За эти встречи Брюллов достаточно изучил, «выучил» лицо Жуковского. И вот сейчас, сидя против него, рассказывая о юном Шевченко, он вдруг подумал — а что если написать его портрет, а вырученные деньги отдать Энгельгардту? Как славно это будет: портрет старого друга и наставника поэта, писанный тоже его другом, хоть и недавним, послужит освобождению, и, кто знает, быть может, расцвету нового таланта, таланта стихотворца и живописца… Может, это и будет лучшим памятником погибшему другу?
Не хотелось откладывать осуществления счастливой идеи ни на один день. Тотчас — происходило все это 2 апреля — Брюллов начинает портрет. Писалось необыкновенно легко. Наверное, оттого что воодушевляло все — и модель, и высокое предназначение портрета, который должен послужить искуплению свободы человека. Уже вечером того дня Мокрицкий записал в дневнике: «Сегодня в мастерской нашей прибавилось еще одно прекрасное произведение: портрет В. А. Жуковского — и как он похож! Поразительное сходство с необыкновенной силой рельефа. Сеанс продолжался не более двух часов и голова кажется почти оконченною; в прокладке видно, что он хотел окончить ее à la primo».

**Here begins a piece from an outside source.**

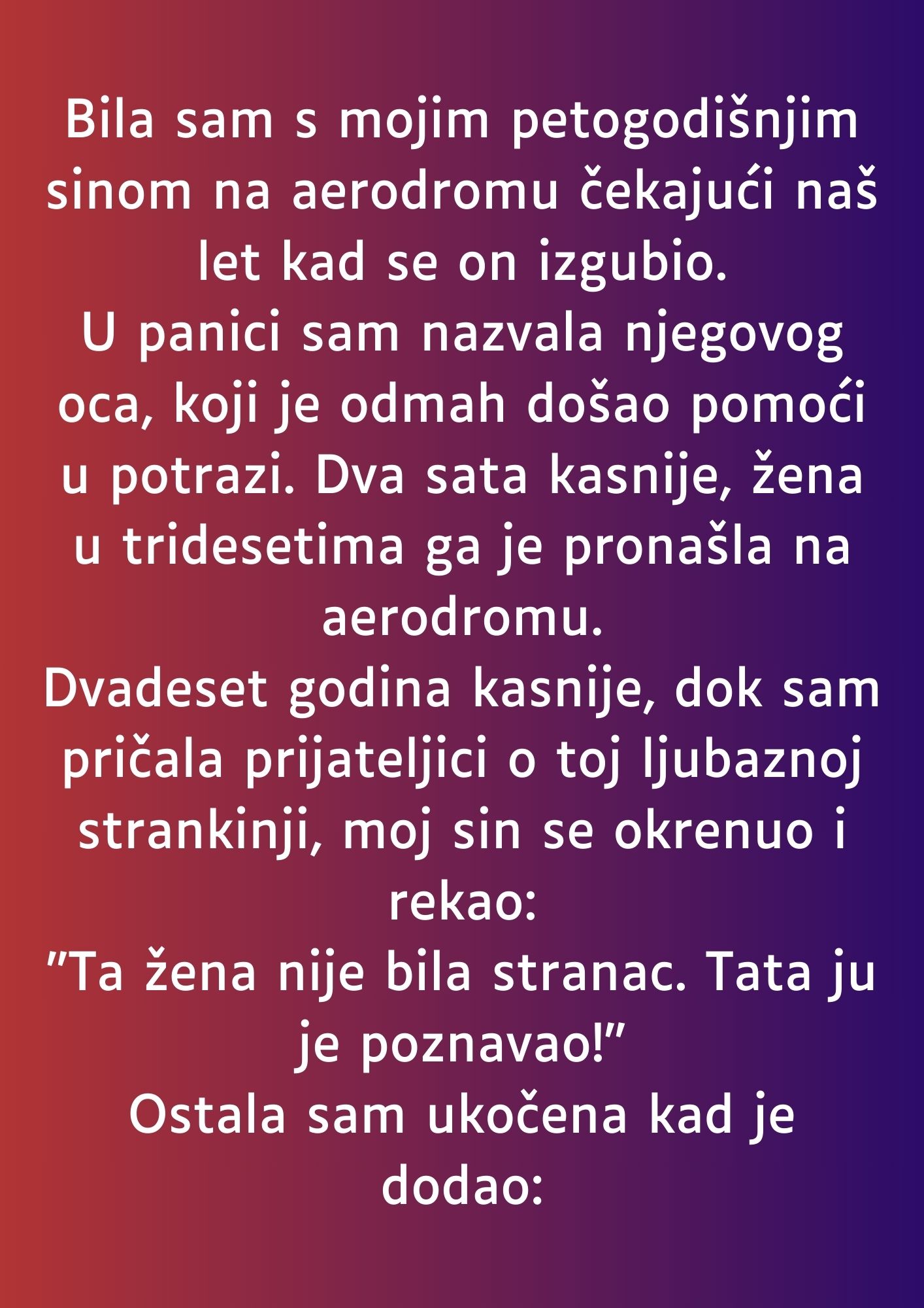 - Desetljeća kasnije, tokom razgovora sa prijateljicom o tom trenutku, njen sin se okrenuo prema njoj i priznao nešto što ju je potpuno šokiralo. “Ta žena nije bila neki stranac. Tata je nju znao…” rekao je sin, ostavljajući majku u potpunom šoku. Iako nije mogla odmah da shvati o čemu se radi, sin je nastavio: “Tog dana se nisam izgubio. Tata me je tada uzeo, a ona me je čekala na aerodromu sa dva kofera – jedan za nju, drugi za njega. Planirali su tada da pobegnu sa mnom.”

Портрет действительно был похож необыкновенно. Когда Гоголь в 1848 году увидит его, он скажет: «Жуковский много постарел с тех пор, как К. П. его написал; но все-таки очень похож на свой портрет. Это лучший из портретов, написанных с Жуковского». Когда читаешь словесный портрет Жуковского, оставленный нам И. Тургеневым, кажется, словно читаешь описание брюлловского портрета: «Он держал голову наклонно, как бы прислушиваясь и размышляя; тонкие, жидкие волосы всходили косицами на совсем почти лысый череп; тихая благодать светилась в углубленном взгляде его темных, на китайский лад приподнятых глаз, а на довольно крупных, но правильно очерченных губах постоянно присутствовала чуть заметная, но искренняя улыбка благоволения и привета…» В созданном Брюлловым портрете, очень естественном, простом, решенном лаконично и без какого бы то ни было налета выспренности и декоративизма, все так, разве что «улыбка благоволения и привета» приглушена задумчивой печалью — будто тень потревожила вдруг ясный покой душевного мира. Невольно приписываешь это времени — ведь прошло всего два месяца со дня пушкинской смерти…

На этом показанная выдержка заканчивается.